Repository files navigation

Node-Level Data Valuation on Graphs

This repository contains the implementation of data valuation techniques for graph-structured data, as described in our paper Node-Level Data Valuation on Graphs.

Installation

git clone https://github.com/siantonelli/graph_valuation.git
cd graph_valuation
uv sync

Data and Storage Management

The project automatically handles data and storage directories for you:

  • Datasets will be automatically downloaded to cfg.core.data_dir (defaults to ./data/) when first needed
  • Results will be saved to cfg.core.storage_dir (defaults to ./storage/)

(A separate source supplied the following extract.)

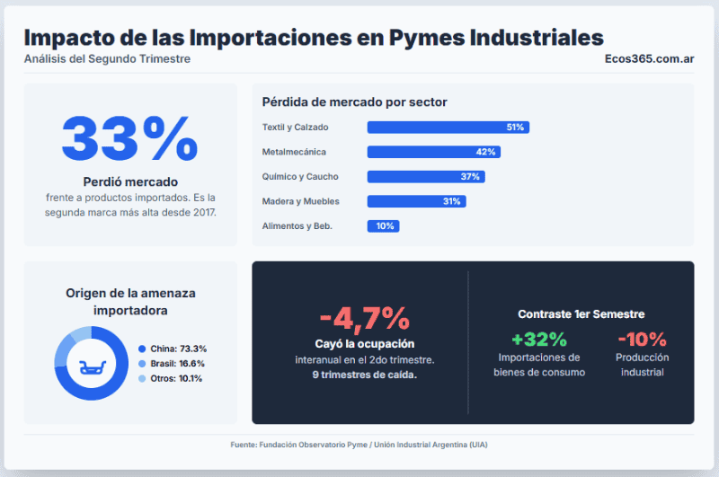 El 33% de las pequeñas y medianas empresas (pymes) industriales perdió mercado a manos de productos importados durante el segundo trimestre con relación al período anterior, según revela el ultimo reporte de la Fundación Observatorio Pyme.

These directories are created automatically if they don't exist. You can customize these paths by modifying the configuration or setting environment variables. The default paths are relative to your project root directory.

Configuration Management

This project uses Hydra for configuration management. Hydra enables you to compose your configuration dynamically and override any parameter from the command line. For more details on how Hydra works, visit hydra.cc.

Usage

Running with Scripts

The main script for computing node values is attribute_values.py. Here's a basic example:

uv run src/graph_valuation/scripts/attribute_values.py approach=training/banzhaf 
                                                        train/model=sgc 
                                                        train.n_models=1 
                                                        dataset=cora_ml 
                                                        data.data_seed=42 
                                                        task.mode=transductive 
                                                        approach.num_subsets=50000 
                                                        approach.alpha=0.1 
                                                        approach.setting=all 
                                                        task.induced_subgraph=True

Available Approaches

Different data valuation methods can be used by changing the approach parameter. Available approaches are defined in conf/approach/training/:

  • banzhaf - Data Banzhaf valuation
  • shapley - Data Shapley valuation
  • loo - Leave-One-Out estimation
  • datamodel - DataModel approach
  • pc_winter - PC-Winter valuation

Simply replace approach=training/banzhaf with any other approach from the configuration files.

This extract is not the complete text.